I mean this is already an acknowledged good approach. Companies don't want to make that investment though, hiring both a senior and a junior who won't be immediately productive, and keep chasing the mythical senior who will work for mid-level salary.
A lot of companies hire interns and usually, the typical intern doesn't provide a ton of bottom line value. Aside from being good for the culture and mentorship practice for the more senior folks, they usually need a lot of handholding. They're basically doing paid apprenticeships, which tells me that companies _are_ okay with the concept of having apprentice type of training.
The whole internship thing for STEM careers is to onboard you early while you are still cheap. Even if you don't work for the company that you interned with, the progress is still there so on day 1 you aren't totally lost. No one wants to give a salary to someone or even spend the money on the hiring process that hasn't worked a day in their life because they have zero clue how well they get along in a work-environment vs. an academic one. From an HR and hiring manager viewpoint, even if you have a lot of experience with a certain tool or field but have no work experience, you are going to look a lot less desirable than someone that maybe has a little bit of experience in that field or with that tool but mostly has unrelated internships. There are lots of smart people out there that can't get along with anyone so they suffer in their career.

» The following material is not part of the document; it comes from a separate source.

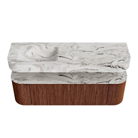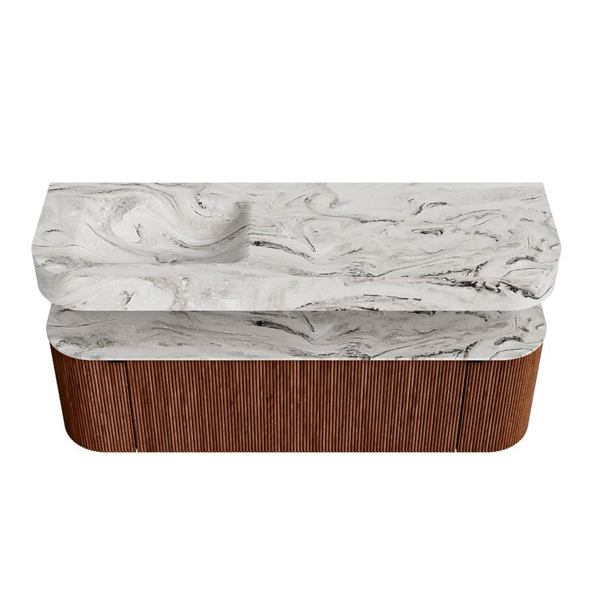 MONDIAZ THOR-DLUX 150cm badmeubel ronding links + rechts kleur Ruby met 1 lade en 2 deuren. Vrijhangende wastafel CLOUD Links 1 kraangat kleur Glace.

It's cute that companies think junior or seniors will be immediately productive. There is a ramp up period. Hell the first day is probably just paperwork. Then 3 months of getting integrated.
I'm not sure how many companies really think this, not that I'm arguing the point. I do know that successful companies realize that developer ramp to productivity time is an important metric and attempt to optimize that metric.
There's a whole set of fairly basic tasks that can be done that can get a developer to the point of submitting a PR on their first day. Many, many companies screw that up.
That’s shitty on the company then. Senior engineers work way more efficiently if they have a junior working under them to crank out busywork. The junior then knows exactly how to succeed in a senior level position from working intimately with the senior engineer.